Quais são as células básicas presentes no sangue?

As
células analisadas pelo hemograma são as três principais presentes no sangue,
são elas:

Hemácias: glóbulos
vermelhos, responsáveis pelo transporte de oxigênio pelo organismo;

Leucócitos: glóbulos
brancos, responsáveis pelo sistema de defesa do organismo, auxiliam no combate
a infecções;

Plaquetas: fragmentos
de células que são produzidos na medula óssea, responsáveis pela coagulação do
sangue.


Como é feito o hemograma?

O exame
é feito em um hospital ou laboratório por um profissional da saúde,
incluindo técnicos de patologia clínica, biomédicos, farmacêuticos
bioquímicos e enfermeiros. Sua realização se assemelha a qualquer outro tipo de
exame de sangue.

Com o
paciente sentado, amarra-se um elástico (denominado garrote) em seu braço para
interromper o fluxo sanguíneo. Assim, as veias ficam mais largas e aparentes. O
profissional faz a assepsia (limpeza que elimina possíveis microrganismos) da
área do braço a ser perfurada e insere a agulha na veia do paciente.
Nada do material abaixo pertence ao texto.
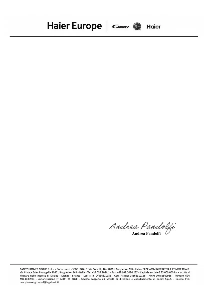 Signed for and on behalf of Candy Hoover Group S.r.l.

Quando o hemograma deve ser feito?

Geralmente
o hemograma é pedido como um exame de rotina para verificar a saúde geral do
organismo. Entretanto, o médico também poderá solicitar o exame para
diagnosticar alguma condição, como asma, ou caso o paciente apresentar
alguns sintomas ou doenças, como:

Cansaço;

Fraqueza;

Sangramento
intenso da pele, nariz ou gengivas;

Manchas
roxas grandes ou em grande quantidade;

Infecções
ou inflamações;

Anemia;

Policitemia;

Doenças
do sangue.

Além
disso, o exame também pode ser feito para verificar se o corpo está reagindo
bem a um tratamento medicamentoso ou de radiação, se os valores de células
estão normais, antes de uma cirurgia, ou para analisar a quantidade de sangue
perdida em uma hemorragia.

Gestantes podem fazer o
hemograma
?

Não
existe qualquer contraindicação para esse exame, pois é feito somente com a
extração do sangue. Portanto, qualquer um pode fazê-lo, inclusive gestantes.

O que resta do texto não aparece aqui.